Records for the exercise section start

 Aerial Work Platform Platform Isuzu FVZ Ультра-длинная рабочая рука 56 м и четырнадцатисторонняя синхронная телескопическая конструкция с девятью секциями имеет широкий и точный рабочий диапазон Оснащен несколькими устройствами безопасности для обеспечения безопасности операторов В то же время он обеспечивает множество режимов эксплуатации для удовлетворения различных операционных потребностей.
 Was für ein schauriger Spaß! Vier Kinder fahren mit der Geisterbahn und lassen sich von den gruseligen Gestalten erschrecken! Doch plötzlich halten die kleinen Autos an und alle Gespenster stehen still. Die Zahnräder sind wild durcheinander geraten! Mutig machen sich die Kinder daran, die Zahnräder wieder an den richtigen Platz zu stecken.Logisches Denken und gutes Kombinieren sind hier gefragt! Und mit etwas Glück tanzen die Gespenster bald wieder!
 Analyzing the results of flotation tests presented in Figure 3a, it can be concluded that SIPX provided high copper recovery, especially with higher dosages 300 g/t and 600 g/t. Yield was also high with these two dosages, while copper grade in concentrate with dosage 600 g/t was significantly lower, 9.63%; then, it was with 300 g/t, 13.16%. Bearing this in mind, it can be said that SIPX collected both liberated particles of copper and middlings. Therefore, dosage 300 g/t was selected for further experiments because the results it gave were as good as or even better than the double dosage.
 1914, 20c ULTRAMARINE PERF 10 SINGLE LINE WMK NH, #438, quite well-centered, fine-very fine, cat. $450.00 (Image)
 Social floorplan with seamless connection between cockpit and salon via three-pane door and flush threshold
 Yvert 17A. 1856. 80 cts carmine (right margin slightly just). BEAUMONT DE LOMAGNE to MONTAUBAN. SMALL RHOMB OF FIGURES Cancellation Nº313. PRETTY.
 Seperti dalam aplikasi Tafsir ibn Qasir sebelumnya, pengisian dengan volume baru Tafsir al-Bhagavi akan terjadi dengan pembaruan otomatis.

Records for the exercise section end
Records for the exercise section start

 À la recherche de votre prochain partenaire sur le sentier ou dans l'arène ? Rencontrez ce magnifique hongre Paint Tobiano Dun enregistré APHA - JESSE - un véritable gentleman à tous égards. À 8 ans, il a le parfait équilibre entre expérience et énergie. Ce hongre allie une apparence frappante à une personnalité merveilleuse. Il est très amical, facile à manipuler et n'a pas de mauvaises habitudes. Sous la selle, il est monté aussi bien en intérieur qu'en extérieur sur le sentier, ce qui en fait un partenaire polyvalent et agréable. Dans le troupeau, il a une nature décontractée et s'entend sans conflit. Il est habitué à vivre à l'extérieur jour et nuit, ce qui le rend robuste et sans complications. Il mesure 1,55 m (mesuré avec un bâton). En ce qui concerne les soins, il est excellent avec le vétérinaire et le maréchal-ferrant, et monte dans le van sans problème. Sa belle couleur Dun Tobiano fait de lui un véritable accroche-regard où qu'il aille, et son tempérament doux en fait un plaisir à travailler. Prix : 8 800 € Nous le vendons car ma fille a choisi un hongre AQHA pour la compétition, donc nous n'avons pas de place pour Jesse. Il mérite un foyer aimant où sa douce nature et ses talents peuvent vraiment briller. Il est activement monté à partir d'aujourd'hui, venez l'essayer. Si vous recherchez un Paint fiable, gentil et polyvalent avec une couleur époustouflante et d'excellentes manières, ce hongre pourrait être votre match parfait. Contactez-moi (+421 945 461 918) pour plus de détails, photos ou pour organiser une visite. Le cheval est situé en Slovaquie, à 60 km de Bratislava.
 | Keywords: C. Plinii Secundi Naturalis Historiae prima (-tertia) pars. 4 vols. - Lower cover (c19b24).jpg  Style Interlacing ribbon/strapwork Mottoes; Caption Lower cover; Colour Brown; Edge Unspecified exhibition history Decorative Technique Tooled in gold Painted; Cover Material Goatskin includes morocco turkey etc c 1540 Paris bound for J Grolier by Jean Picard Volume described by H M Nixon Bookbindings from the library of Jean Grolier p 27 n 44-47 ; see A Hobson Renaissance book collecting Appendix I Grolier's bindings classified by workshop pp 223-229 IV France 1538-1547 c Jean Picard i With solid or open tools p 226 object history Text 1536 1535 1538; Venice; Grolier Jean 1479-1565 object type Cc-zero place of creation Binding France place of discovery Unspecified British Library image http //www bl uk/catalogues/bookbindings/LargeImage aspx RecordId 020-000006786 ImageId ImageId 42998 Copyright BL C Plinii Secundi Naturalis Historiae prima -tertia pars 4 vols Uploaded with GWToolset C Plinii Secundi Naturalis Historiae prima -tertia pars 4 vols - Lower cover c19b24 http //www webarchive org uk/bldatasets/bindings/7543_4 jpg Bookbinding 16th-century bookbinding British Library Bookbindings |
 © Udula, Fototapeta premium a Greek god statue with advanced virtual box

Records for the exercise section end
Records for the exercise section start

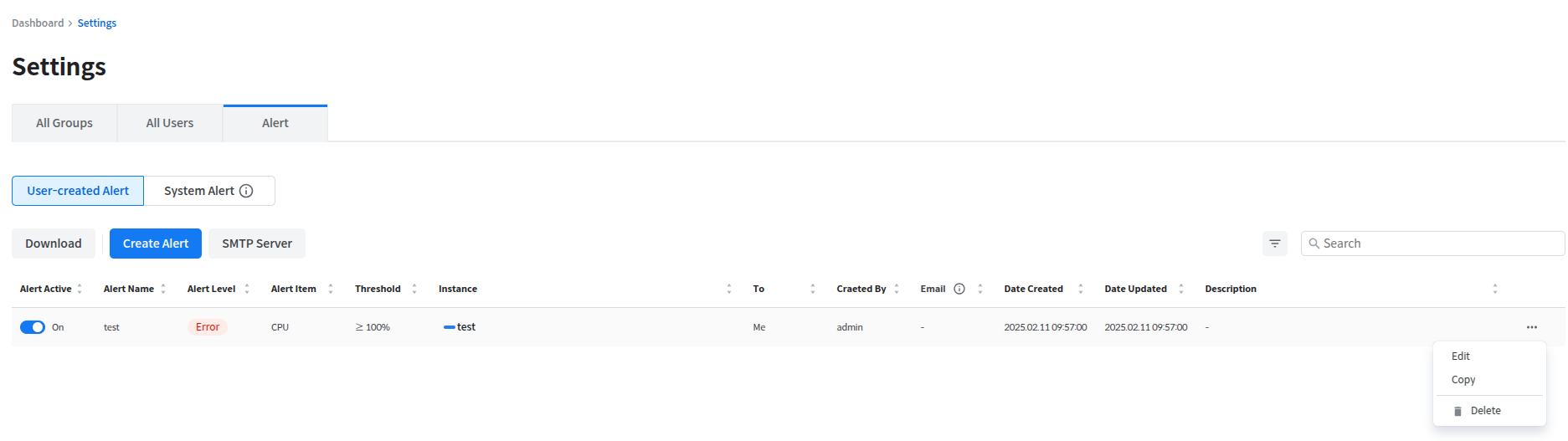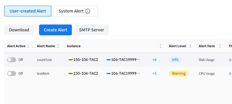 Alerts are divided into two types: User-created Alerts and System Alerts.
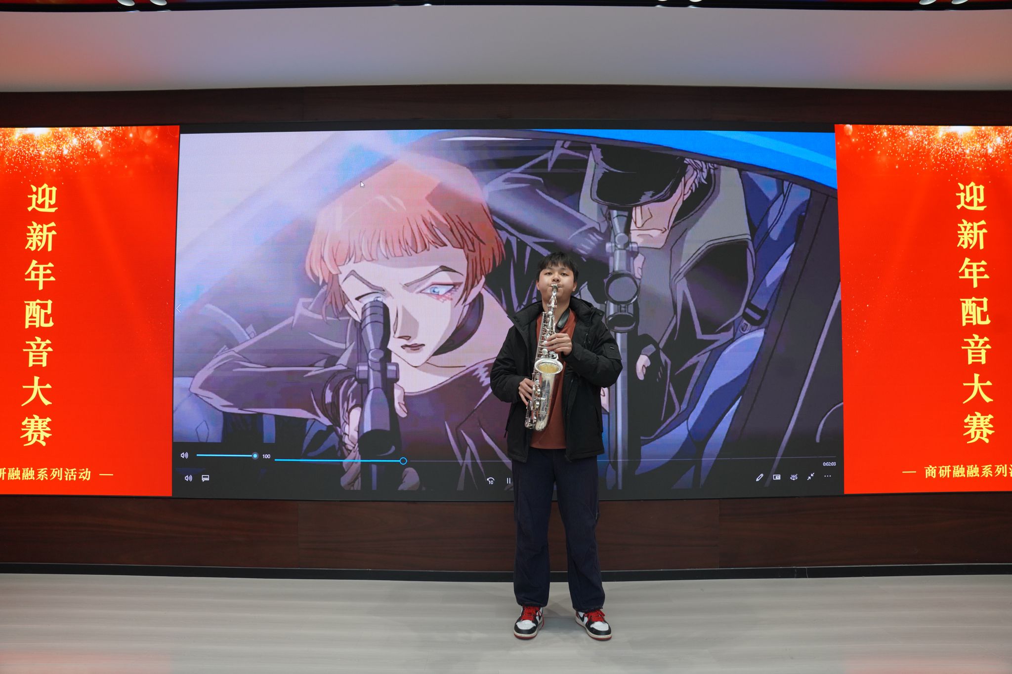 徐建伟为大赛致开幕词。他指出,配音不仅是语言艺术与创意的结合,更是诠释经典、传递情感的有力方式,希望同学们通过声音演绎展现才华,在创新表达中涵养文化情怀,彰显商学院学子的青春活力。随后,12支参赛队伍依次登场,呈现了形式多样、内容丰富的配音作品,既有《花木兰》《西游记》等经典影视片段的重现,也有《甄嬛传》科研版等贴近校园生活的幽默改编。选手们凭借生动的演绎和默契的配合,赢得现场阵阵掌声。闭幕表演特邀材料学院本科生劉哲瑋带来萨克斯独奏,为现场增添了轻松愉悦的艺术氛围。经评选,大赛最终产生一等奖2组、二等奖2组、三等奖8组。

Records for the exercise section end

Work request » Copy out each line of the records above that includes "with".

Finished exercise »
 Analyzing the results of flotation tests presented in Figure 3a, it can be concluded that SIPX provided high copper recovery, especially with higher dosages 300 g/t and 600 g/t. Yield was also high with these two dosages, while copper grade in concentrate with dosage 600 g/t was significantly lower, 9.63%; then, it was with 300 g/t, 13.16%. Bearing this in mind, it can be said that SIPX collected both liberated particles of copper and middlings. Therefore, dosage 300 g/t was selected for further experiments because the results it gave were as good as or even better than the double dosage.
 Social floorplan with seamless connection between cockpit and salon via three-pane door and flush threshold
 | Keywords: C. Plinii Secundi Naturalis Historiae prima (-tertia) pars. 4 vols. - Lower cover (c19b24).jpg  Style Interlacing ribbon/strapwork Mottoes; Caption Lower cover; Colour Brown; Edge Unspecified exhibition history Decorative Technique Tooled in gold Painted; Cover Material Goatskin includes morocco turkey etc c 1540 Paris bound for J Grolier by Jean Picard Volume described by H M Nixon Bookbindings from the library of Jean Grolier p 27 n 44-47 ; see A Hobson Renaissance book collecting Appendix I Grolier's bindings classified by workshop pp 223-229 IV France 1538-1547 c Jean Picard i With solid or open tools p 226 object history Text 1536 1535 1538; Venice; Grolier Jean 1479-1565 object type Cc-zero place of creation Binding France place of discovery Unspecified British Library image http //www bl uk/catalogues/bookbindings/LargeImage aspx RecordId 020-000006786 ImageId ImageId 42998 Copyright BL C Plinii Secundi Naturalis Historiae prima -tertia pars 4 vols Uploaded with GWToolset C Plinii Secundi Naturalis Historiae prima -tertia pars 4 vols - Lower cover c19b24 http //www webarchive org uk/bldatasets/bindings/7543_4 jpg Bookbinding 16th-century bookbinding British Library Bookbindings |
 © Udula, Fototapeta premium a Greek god statue with advanced virtual box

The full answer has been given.